» **ACTIVITY**: Your copy should start at the line with "មេសា ឆ្នាំ ២០២១" and end at the line with "Wasser aus dem" in the data below. Transcribe only those lines, exactly, pictures excluded.
====== SUPPLIED MATERIAL ======
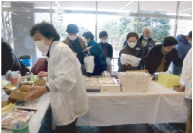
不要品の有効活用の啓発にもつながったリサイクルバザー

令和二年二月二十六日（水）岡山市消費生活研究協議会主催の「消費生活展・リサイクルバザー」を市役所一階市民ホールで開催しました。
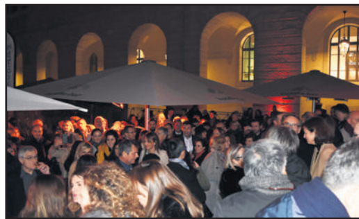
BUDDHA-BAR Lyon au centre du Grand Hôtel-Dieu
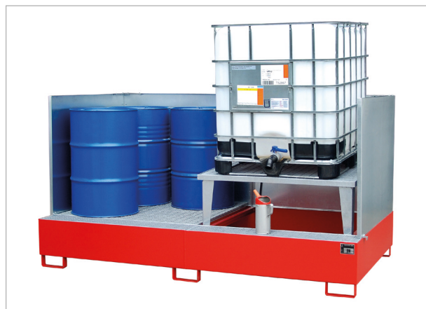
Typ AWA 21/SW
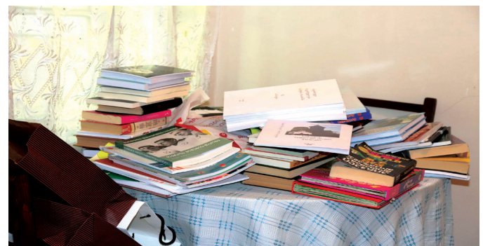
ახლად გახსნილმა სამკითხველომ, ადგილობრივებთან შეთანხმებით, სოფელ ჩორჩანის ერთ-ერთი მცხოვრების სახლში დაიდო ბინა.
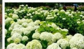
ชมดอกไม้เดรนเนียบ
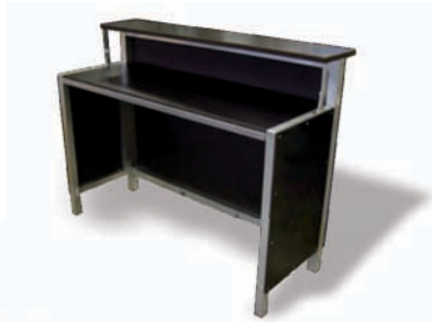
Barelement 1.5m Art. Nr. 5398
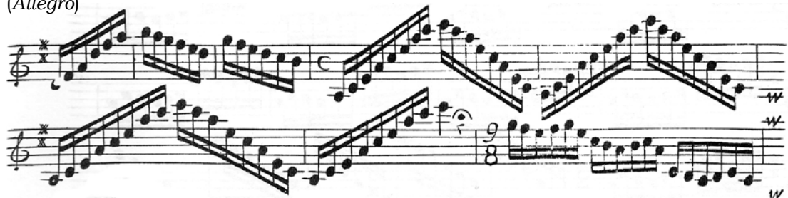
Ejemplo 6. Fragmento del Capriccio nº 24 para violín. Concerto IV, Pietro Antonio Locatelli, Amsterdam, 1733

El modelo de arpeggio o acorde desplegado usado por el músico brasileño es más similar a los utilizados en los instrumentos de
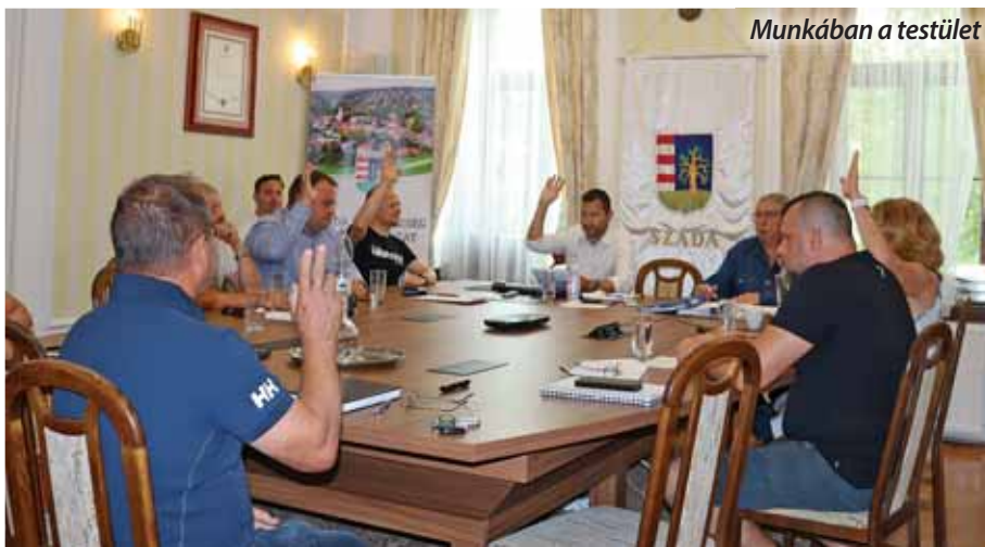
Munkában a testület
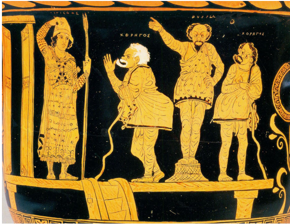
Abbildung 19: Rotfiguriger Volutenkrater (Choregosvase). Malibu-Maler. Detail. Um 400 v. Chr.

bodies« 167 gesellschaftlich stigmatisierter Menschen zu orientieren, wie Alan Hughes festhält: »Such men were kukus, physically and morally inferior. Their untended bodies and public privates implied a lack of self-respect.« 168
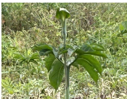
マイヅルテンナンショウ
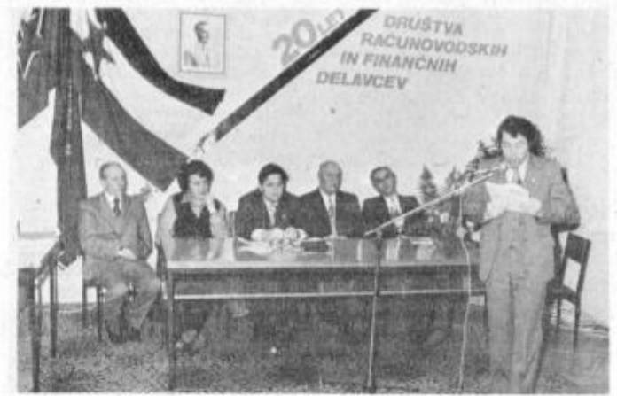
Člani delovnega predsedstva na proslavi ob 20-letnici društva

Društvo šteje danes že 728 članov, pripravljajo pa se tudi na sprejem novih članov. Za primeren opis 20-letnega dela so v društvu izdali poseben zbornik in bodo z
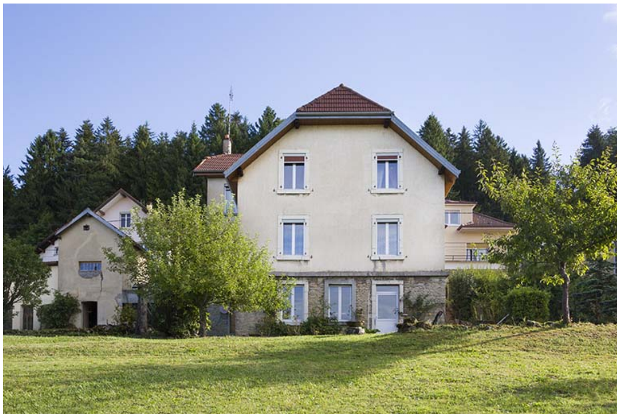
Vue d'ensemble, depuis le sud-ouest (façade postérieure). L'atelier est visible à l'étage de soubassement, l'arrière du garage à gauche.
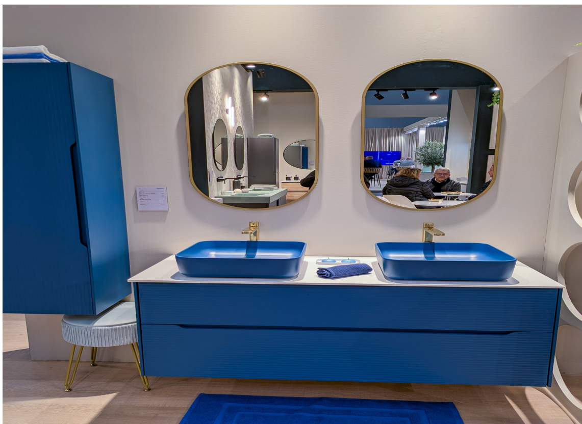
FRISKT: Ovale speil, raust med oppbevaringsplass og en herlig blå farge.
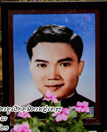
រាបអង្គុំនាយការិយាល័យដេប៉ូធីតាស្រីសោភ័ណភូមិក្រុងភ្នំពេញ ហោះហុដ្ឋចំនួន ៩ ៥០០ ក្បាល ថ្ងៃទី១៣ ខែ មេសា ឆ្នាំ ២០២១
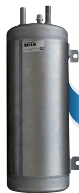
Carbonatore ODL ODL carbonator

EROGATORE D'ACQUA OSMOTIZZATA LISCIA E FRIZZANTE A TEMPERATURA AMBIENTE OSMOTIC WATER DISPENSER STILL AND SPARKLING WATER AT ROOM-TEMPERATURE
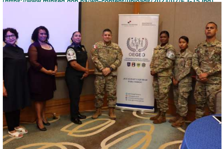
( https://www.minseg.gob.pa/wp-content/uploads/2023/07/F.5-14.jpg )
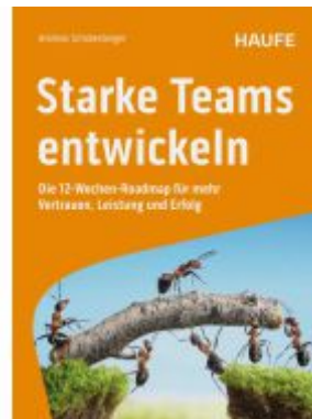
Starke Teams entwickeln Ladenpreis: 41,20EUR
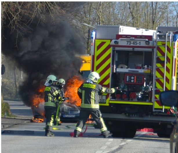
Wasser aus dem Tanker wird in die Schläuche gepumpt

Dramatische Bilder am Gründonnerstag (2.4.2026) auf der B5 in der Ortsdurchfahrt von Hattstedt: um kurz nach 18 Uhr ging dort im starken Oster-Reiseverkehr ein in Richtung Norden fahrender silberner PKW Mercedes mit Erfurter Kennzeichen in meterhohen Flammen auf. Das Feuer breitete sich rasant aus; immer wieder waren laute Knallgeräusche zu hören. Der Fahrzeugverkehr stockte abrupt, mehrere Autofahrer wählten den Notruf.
======
» **WRITTEN SOLUTION**:
រាបអង្គុំនាយការិយាល័យដេប៉ូធីតាស្រីសោភ័ណភូមិក្រុងភ្នំពេញ ហោះហុដ្ឋចំនួន ៩ ៥០០ ក្បាល ថ្ងៃទី១៣ ខែ មេសា ឆ្នាំ ២០២១
Carbonatore ODL ODL carbonator

EROGATORE D'ACQUA OSMOTIZZATA LISCIA E FRIZZANTE A TEMPERATURA AMBIENTE OSMOTIC WATER DISPENSER STILL AND SPARKLING WATER AT ROOM-TEMPERATURE
( https://www.minseg.gob.pa/wp-content/uploads/2023/07/F.5-14.jpg )
Starke Teams entwickeln Ladenpreis: 41,20EUR
Wasser aus dem Tanker wird in die Schläuche gepumpt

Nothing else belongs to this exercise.